What the task requires: Write out the records word for word, with no pictures.

Given information:
----------

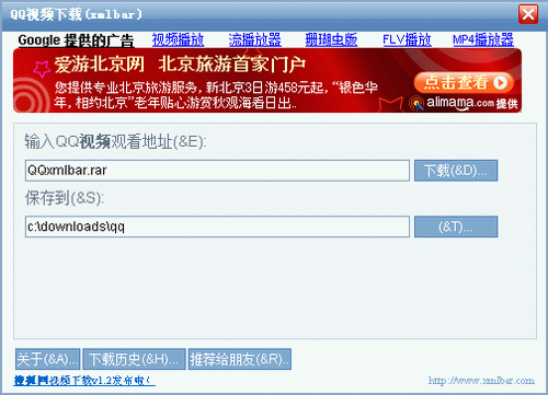 QQ視頻下載(xmlbar)是一個(gè)專門用于下載QQ視頻到本機(jī)硬盤上的小軟件。它不但完全免費(fèi)而且不含有任何插件,可以完全干凈卸載。用戶只需輸入需要下載的QQ視頻的觀看頁面地址并按下下載按鈕,或者更方便的使用拖放方法將頁面地址從瀏覽器地址欄拖到本軟件的浮動(dòng)窗口,它就會(huì)自動(dòng)識(shí)別后進(jìn)行下載,下載的文件格式為flv。更好的是它還支持多個(gè)QQ視頻文件同時(shí)下載,并能顯示出真實(shí)的QQ視頻文件的下載地址,下載完后您還可以選擇馬上播放,而且它還有查看管理下載歷史記錄的功能
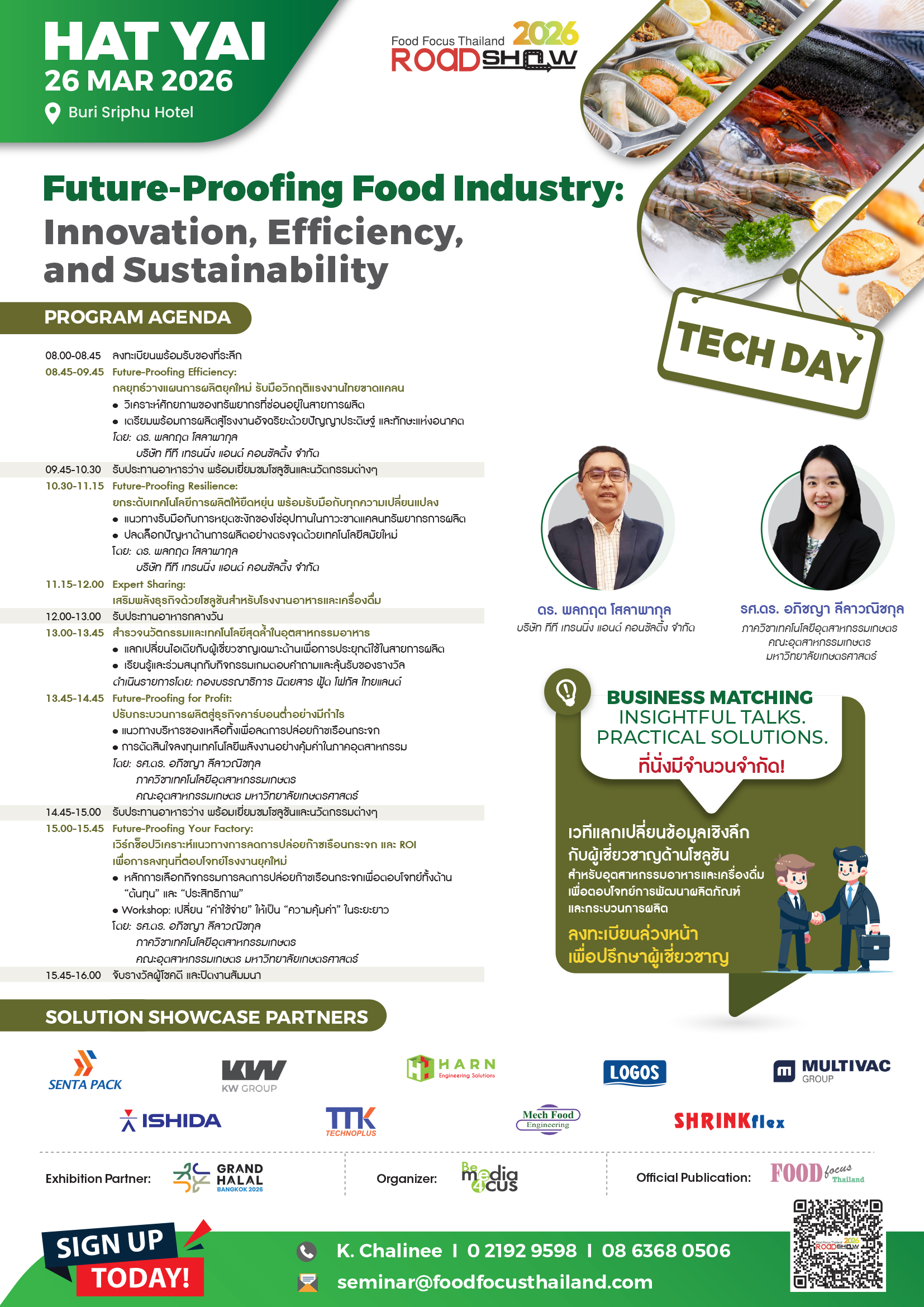 ร่วมผลักดันอุตสาหกรรมอาหารไทยให้เป็นศูนย์กลางการผลิตและส่งออกอาหารระดับภูมิภาคด้วยนวัตกรรมและความยั่งยืน พร้อมโอกาสในการสร้างการรับรู้แบรนด์ ขยายฐานลูกค้าเป้าหมาย และครองส่วนแบ่งการตลาดในอุตสาหกรรมอาหารและเครื่องดื่มที่เติบโตอย่างต่อเนื่อง
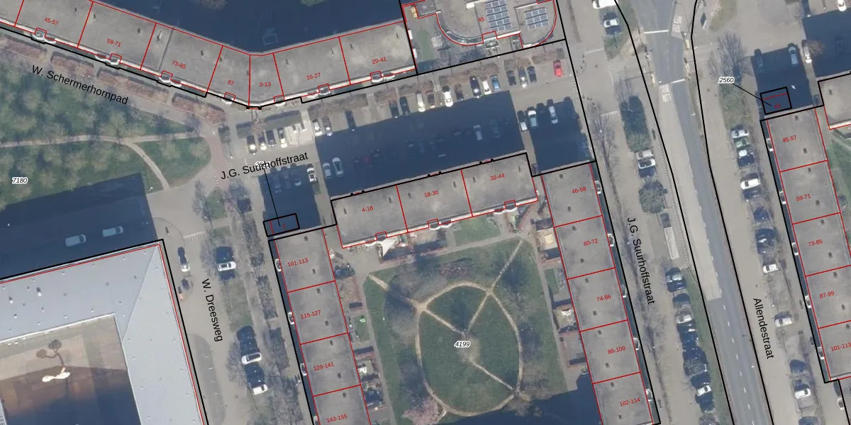 Het perceel waarop J.G. Suurhoffstraat 28 staat heeft een oppervlakte van 6382 m². Dit is een zeer groot perceel. De perceeloppervlakte wordt geregistreerd door het Kadaster. Gedetailleerde informatie over de maten van dit perceel kunt u vinden in het rapport Kadastrale kaart met maatvoering van J.G. Suurhoffstraat 28.
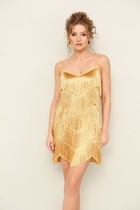 Платье полуприлегающего силуэта, длиной до середины бедра. Платье отрезное по линии талии. Лиф спинки с небольшой сборкой по шву притачивания к юбке. Юбка спинки с талиевыми вытачками. Лиф переда на запах, с односторонними складками. Юбка переда на запах с фигурной линией низа. По верхнему переднему полотнищу заложены мягкие односторонние складки от бокового. Рукава одношовные, короткие. Рукава выполнены на запах, с фигурной линией низа, со складками по окату. По горловине обработан рубашечный воротник на отрезной стойке. В правом боковом обработана застежка на потайную тесьму-«молнию».
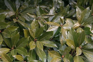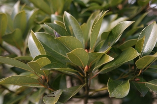 【右】つやつやのタブの木 芽も大きく膨らんでいます
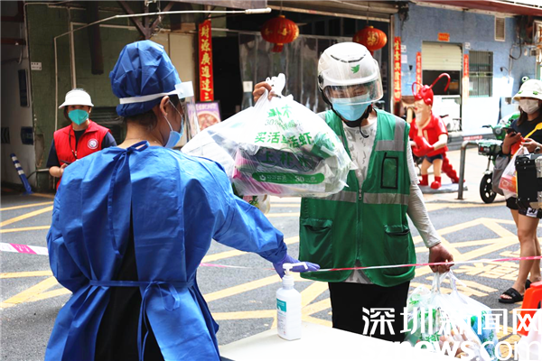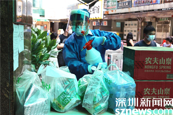 8月29日下午,深圳新聞網記者來到羅湖區(qū)南湖街道文錦社區(qū)凱悅華庭,只見小區(qū)居民正保持著一米距離有序地進行核酸檢測,身穿防護服的“藍墩墩”在一旁忙碌著。記者在現(xiàn)場看到偶有“騎士”將居民在網上商城所下單的物資像傳送接力棒一樣交到“藍墩墩”的手上,“藍墩墩”接過之后,立即進行全方位的消殺工作。
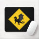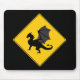 Var försiktig! Farligt villkor framför oss. Fantasy möter verkligheten. Dragon Crossing. Lustigt tecken som är gjort i stil på ett vägtecken.

----------

Final answer:
 QQ視頻下載(xmlbar)是一個(gè)專門用于下載QQ視頻到本機(jī)硬盤上的小軟件。它不但完全免費(fèi)而且不含有任何插件,可以完全干凈卸載。用戶只需輸入需要下載的QQ視頻的觀看頁面地址并按下下載按鈕,或者更方便的使用拖放方法將頁面地址從瀏覽器地址欄拖到本軟件的浮動(dòng)窗口,它就會(huì)自動(dòng)識(shí)別后進(jìn)行下載,下載的文件格式為flv。更好的是它還支持多個(gè)QQ視頻文件同時(shí)下載,并能顯示出真實(shí)的QQ視頻文件的下載地址,下載完后您還可以選擇馬上播放,而且它還有查看管理下載歷史記錄的功能
 ร่วมผลักดันอุตสาหกรรมอาหารไทยให้เป็นศูนย์กลางการผลิตและส่งออกอาหารระดับภูมิภาคด้วยนวัตกรรมและความยั่งยืน พร้อมโอกาสในการสร้างการรับรู้แบรนด์ ขยายฐานลูกค้าเป้าหมาย และครองส่วนแบ่งการตลาดในอุตสาหกรรมอาหารและเครื่องดื่มที่เติบโตอย่างต่อเนื่อง
 Het perceel waarop J.G. Suurhoffstraat 28 staat heeft een oppervlakte van 6382 m². Dit is een zeer groot perceel. De perceeloppervlakte wordt geregistreerd door het Kadaster. Gedetailleerde informatie over de maten van dit perceel kunt u vinden in het rapport Kadastrale kaart met maatvoering van J.G. Suurhoffstraat 28.
 Платье полуприлегающего силуэта, длиной до середины бедра. Платье отрезное по линии талии. Лиф спинки с небольшой сборкой по шву притачивания к юбке. Юбка спинки с талиевыми вытачками. Лиф переда на запах, с односторонними складками. Юбка переда на запах с фигурной линией низа. По верхнему переднему полотнищу заложены мягкие односторонние складки от бокового. Рукава одношовные, короткие. Рукава выполнены на запах, с фигурной линией низа, со складками по окату. По горловине обработан рубашечный воротник на отрезной стойке. В правом боковом обработана застежка на потайную тесьму-«молнию».
 【右】つやつやのタブの木 芽も大きく膨らんでいます
 8月29日下午,深圳新聞網記者來到羅湖區(qū)南湖街道文錦社區(qū)凱悅華庭,只見小區(qū)居民正保持著一米距離有序地進行核酸檢測,身穿防護服的“藍墩墩”在一旁忙碌著。記者在現(xiàn)場看到偶有“騎士”將居民在網上商城所下單的物資像傳送接力棒一樣交到“藍墩墩”的手上,“藍墩墩”接過之后,立即進行全方位的消殺工作。
 Var försiktig! Farligt villkor framför oss. Fantasy möter verkligheten. Dragon Crossing. Lustigt tecken som är gjort i stil på ett vägtecken.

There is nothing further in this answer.